Antisemitism is an objective social phenomenon because it resides not only inside our heads but also in the cultural spaces in between our heads and in the relationships between consciousness, culture and material reality. Antisemitism has recognizable shapes and tropes; it has been with us for a long time, and its symbols and memes are deep within us and deep within our shared cultures. So there is no contradiction when Jenny Tonge tells us that she is unaware of feeling any hostility to Jews even as she indulges in classic antisemitic conspiracy theory, or when Flynn alleges that a Jew cannot be trusted to hold a sensitive office for the British state on account of his dual loyalty, while at the same time he believes that he does not contain an atom of antisemitism.
Sometimes, it is said that hostility to Israel is a cloak which hides antisemitism. But this seems to suggest that people who are self-consciously antisemitic are adopting hostility to Israel as a way of camouflaging their real, underlying, Jew-hating motivations. Well, this may be true of David Irving, for example, whose antisemitism precedes his ‘criticism of Israel’. But it is more of a puzzle when people who are aware of no antisemitic motivations, who think of themselves as implacable opponents of antisemitism, act in antisemitic ways.

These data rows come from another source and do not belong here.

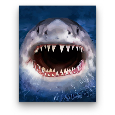 Cápa fogai - számfestő készlet – 40×50 cm (Keret nélkül) A kép izgalmas és adrenalinnal teli hangulatot áraszt, amely megragadja a néző figyelmét. Egy történet bontakozik ki a mélység titkairól, ahol a természet ereje uralkodik. A kék és szürke árnyalatok
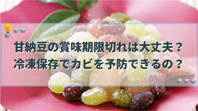 料理・食材 甘納豆の賞味期限切れは大丈夫?冷凍保存でカビを予防できるの? 甘納豆は未開封で保存方法を守っていれば、多少賞味期限切れでも食べられます。カビや異臭などの異変を感じたら食べるのをやめましょう。この記事でhあ、甘納豆を日持ちさせる冷凍保存方法やアレンジレシピなどを紹介します。 料理・食材
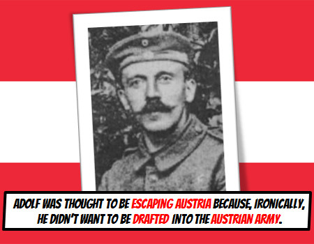 It is thought that Adolf was escaping Austria because he didn’t want to be drafted into their army.
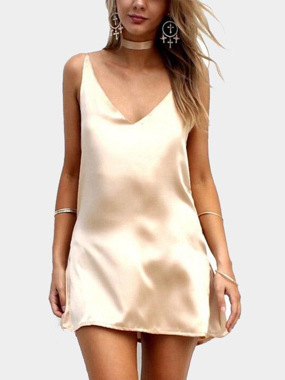 V-Neck Plain Backless Spaghetti Strap Sleeveless Mini Dress

Whether the hostility to Israel comes first and the antisemitism follows, or whether the antisemitism comes first, even if it is unconscious, and is a cause of the disproportionate hostility to Israel, it is difficult to know. Perhaps it makes sense to understand it as a cycle in which both antisemitism and hostility to Israel feed on each other. But in any case, the key issue here is that the antisemitism remains steadfastly unrecognized and unacknowledged by the person who has stumbled into it. This is important if we are to understand the self-righteous anger and the certainty with which such people reject any suggestion that what they have said or done is antisemitic. The indignation is genuine.
People look within themselves and find an absence of Jew-hatred. They find it difficult to understand antisemitism as an objective social fact, preferring to see it as an individual mental sentiment. Having found themselves not guilty of antisemitism, they are tempted to move quickly on to angrily counter-attacking the motives of the people who have brought up the issue.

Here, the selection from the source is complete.